We’re now entering the October candy vortex, where my kids wake up asking for chocolate and sugar seems to seep through the doorjambs and under the windows.
Of course, we’ll indulge in a few treats. But first, the three of us enjoyed the afternoon making Pumpkin Apple Mini-Muffins, which we’ll bring to Halloween parties this week. The muffins are made from the Pumpkin Apple Bread recipe in our newest newsletter, out Nov. 1. Subscribe (it’s free!) and you’ll get the recipe. We were lucky to have gorgeous pie pumpkins to roast and a batch of my neighbor’s fresh applesauce for the batter. There’s no avoiding the candy. But these mini-muffins are even sweeter to me.
Amanda says
> Hi Shannon,
>
> Your muffins looked amazing! I would love to make some of these for
Halloween. Would you post the recipe?? 🙂
>
> Thanks,
>
> Amanda
Alison says
Here’s our recipe:
(Although we roast our pumpkin and make fresh apple sauce with what we’ve freshly picked, feel free to use canned pumpkin puree and jarred applesauce.) Happy cooking!
Apple Pumpkin Bread
Makes 4 mini loaves
½ cup canola oil
½ cup light brown sugar, packed
½ cup white sugar
2 teaspoons vanilla extract
1 cup applesauce
1 cup pumpkin puree (see simple roasting instructions below)
2 eggs
2 ¼ cups flour
2 teaspoons cinnamon
1 teaspoon baking powder
2 teaspoons baking soda
1 teaspoon salt
1/8 teaspoon ground cloves
1/8 teaspoon nutmeg
1/8 teaspoon ground ginger
1/3 cup milk
Pre-heat oven to 350 degrees.
In a large bowl, measure the dry ingredients (flour, baking soda, baking powder, cinnamon, baking soda, salt, cloves, nutmeg and ginger) and mix together. Set aside.

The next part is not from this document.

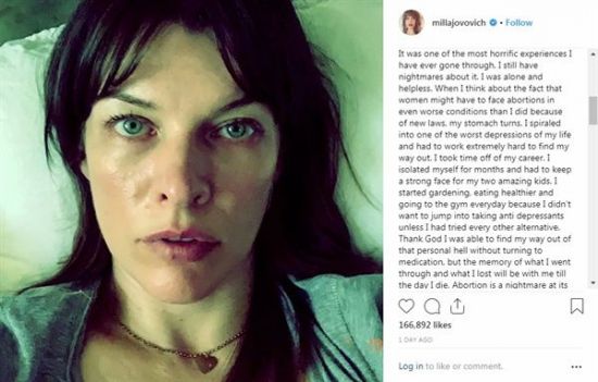 15일(현지시간) 미국 영화배우 밀라 요보비치는 자신의 인스타그램에 "낙태는 안전하고 위생적이지 않은 환경에서 수술을 받아야 할 뿐 아니라 여성으로서 감정적으로 매우 힘든 일이다"라며 "나도 2년 전에 긴급 낙태를 해야 했다"고 고백했다.

In a separate bowl, using an electric mixer, beat the canola oil and sugar together. Add the eggs and vanilla and mix well. Pour in the apple sauce and pumpkin puree and blend well. Gradually add in the dry ingredients and mix until well combined. Pour in the milk and mix for another minute. Grease four mini loaf pans and distribute the batter evenly. Bake for 25-30 minutes. Cool. If freezing, wrap well in aluminum foil and then in plastic wrap.
Simple Pumpkin Puree
1 large pie pumpkin or two smaller sugar pumpkins
Pre-heat the oven to 400 degrees. Cut the pumpkin in half or quarters using a very sharp knife. Scrape out the seeds and place face up on a baking sheet lined with aluminum foil. Roast in the oven until fork tender for about an hour. Remove from the oven and cool until ready to handle. Remove flesh from the skin of the pumpkin using a spoon and puree in a food processor, blender or by hand with an immersion blender. You can use a touch of water to make it smoother.
Amanda says
THANKS!!
Kelly says
These look absolutley marvelous. My kids love anything pumpkin. Think I will have to try these tonight so that there is something to take skating at 6:30 tomorrow am.
Keep up the great work:)
Jackie says
I just made these mini-pumpkin loaves and they are delicious! Even my pickiest son loved it. Thanks, Alison!